■ Data
=-=-=-=-=
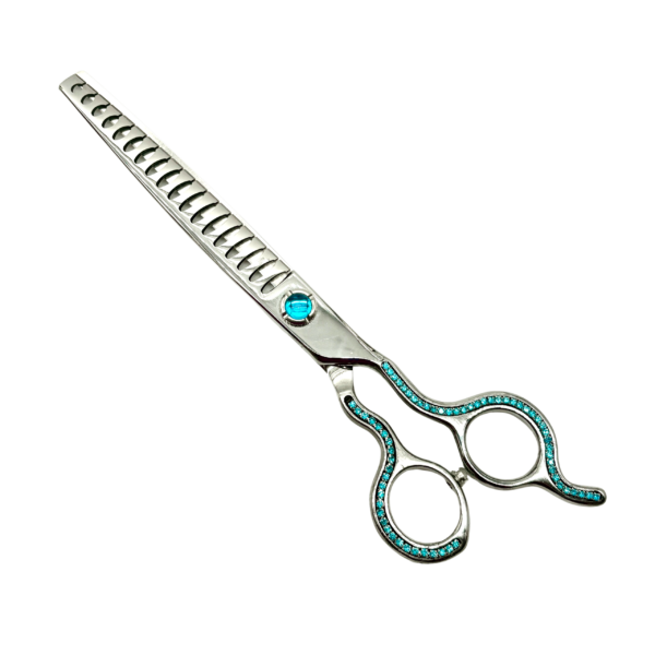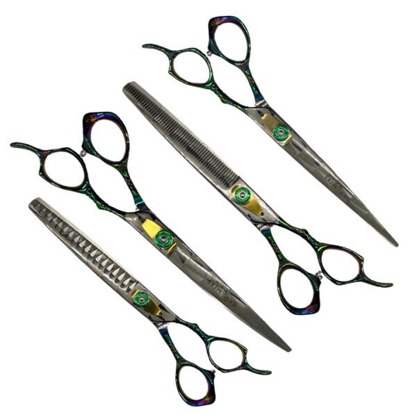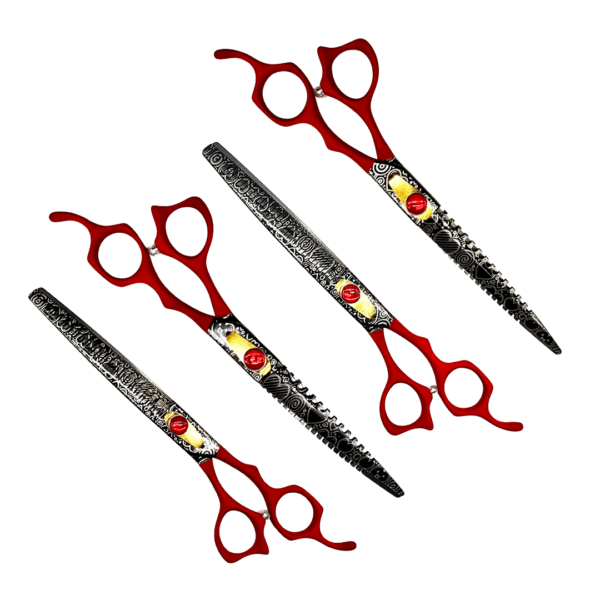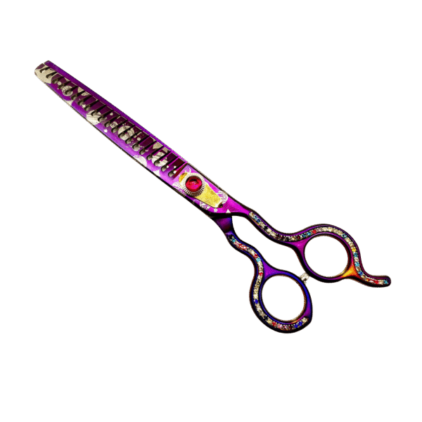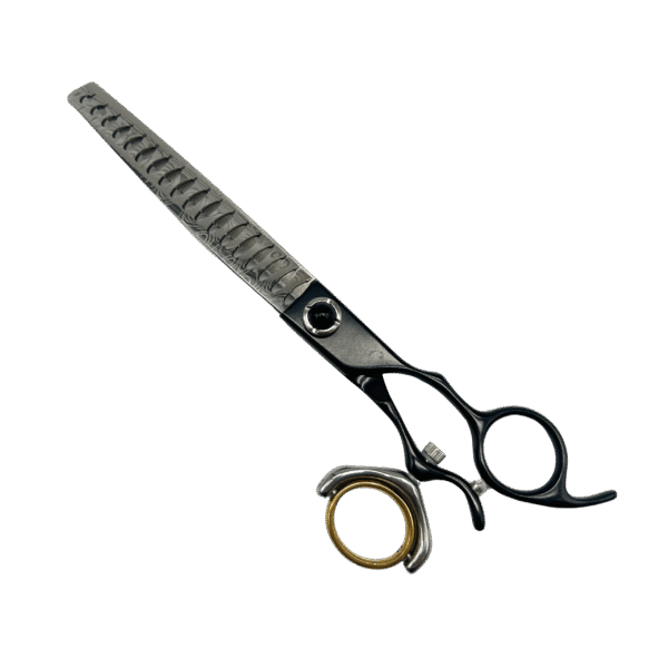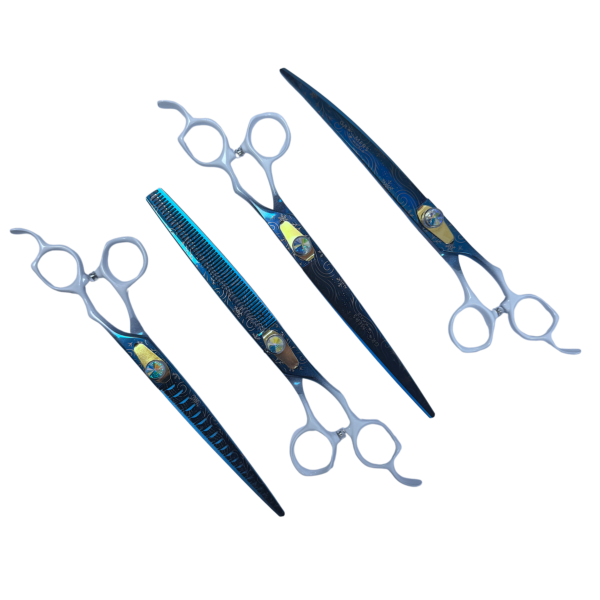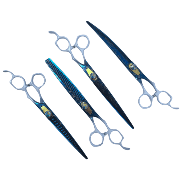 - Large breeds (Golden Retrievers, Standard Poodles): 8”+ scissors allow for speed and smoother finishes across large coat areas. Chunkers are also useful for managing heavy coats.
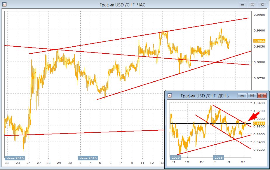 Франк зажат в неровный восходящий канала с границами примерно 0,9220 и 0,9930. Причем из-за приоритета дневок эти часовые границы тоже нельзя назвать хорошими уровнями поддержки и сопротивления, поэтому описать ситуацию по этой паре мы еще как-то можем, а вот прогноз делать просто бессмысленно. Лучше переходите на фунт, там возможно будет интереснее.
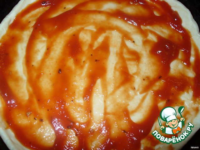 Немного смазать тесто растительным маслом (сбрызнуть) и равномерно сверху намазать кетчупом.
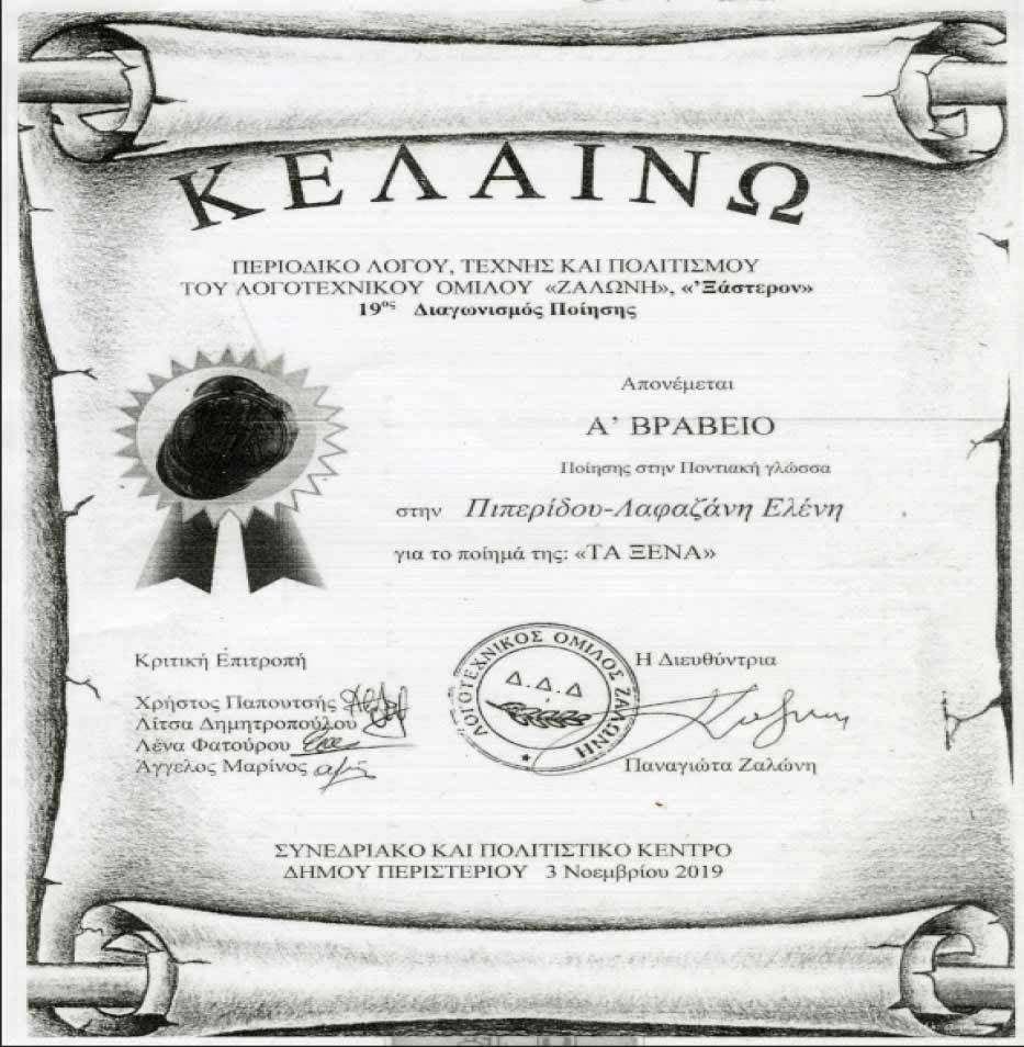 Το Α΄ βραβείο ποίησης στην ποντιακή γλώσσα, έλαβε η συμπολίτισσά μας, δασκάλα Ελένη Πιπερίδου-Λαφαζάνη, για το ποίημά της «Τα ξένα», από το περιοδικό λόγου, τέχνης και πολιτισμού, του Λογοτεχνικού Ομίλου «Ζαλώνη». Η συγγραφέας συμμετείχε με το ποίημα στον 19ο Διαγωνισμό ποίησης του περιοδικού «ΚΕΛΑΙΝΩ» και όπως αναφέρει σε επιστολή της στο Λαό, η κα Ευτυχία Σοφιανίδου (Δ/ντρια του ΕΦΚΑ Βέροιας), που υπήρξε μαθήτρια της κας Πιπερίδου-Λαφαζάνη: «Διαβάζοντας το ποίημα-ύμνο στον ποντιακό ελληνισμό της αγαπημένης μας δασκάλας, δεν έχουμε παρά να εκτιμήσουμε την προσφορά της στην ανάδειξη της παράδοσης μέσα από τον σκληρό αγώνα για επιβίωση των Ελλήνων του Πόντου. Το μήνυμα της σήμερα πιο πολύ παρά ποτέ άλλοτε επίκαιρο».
=-=-=-=-=
■ Task objective
Without any of its images, the data above should be returned exactly.

■ Answer to the problem
 - Large breeds (Golden Retrievers, Standard Poodles): 8”+ scissors allow for speed and smoother finishes across large coat areas. Chunkers are also useful for managing heavy coats.
 Франк зажат в неровный восходящий канала с границами примерно 0,9220 и 0,9930. Причем из-за приоритета дневок эти часовые границы тоже нельзя назвать хорошими уровнями поддержки и сопротивления, поэтому описать ситуацию по этой паре мы еще как-то можем, а вот прогноз делать просто бессмысленно. Лучше переходите на фунт, там возможно будет интереснее.
 Немного смазать тесто растительным маслом (сбрызнуть) и равномерно сверху намазать кетчупом.
 Το Α΄ βραβείο ποίησης στην ποντιακή γλώσσα, έλαβε η συμπολίτισσά μας, δασκάλα Ελένη Πιπερίδου-Λαφαζάνη, για το ποίημά της «Τα ξένα», από το περιοδικό λόγου, τέχνης και πολιτισμού, του Λογοτεχνικού Ομίλου «Ζαλώνη». Η συγγραφέας συμμετείχε με το ποίημα στον 19ο Διαγωνισμό ποίησης του περιοδικού «ΚΕΛΑΙΝΩ» και όπως αναφέρει σε επιστολή της στο Λαό, η κα Ευτυχία Σοφιανίδου (Δ/ντρια του ΕΦΚΑ Βέροιας), που υπήρξε μαθήτρια της κας Πιπερίδου-Λαφαζάνη: «Διαβάζοντας το ποίημα-ύμνο στον ποντιακό ελληνισμό της αγαπημένης μας δασκάλας, δεν έχουμε παρά να εκτιμήσουμε την προσφορά της στην ανάδειξη της παράδοσης μέσα από τον σκληρό αγώνα για επιβίωση των Ελλήνων του Πόντου. Το μήνυμα της σήμερα πιο πολύ παρά ποτέ άλλοτε επίκαιρο».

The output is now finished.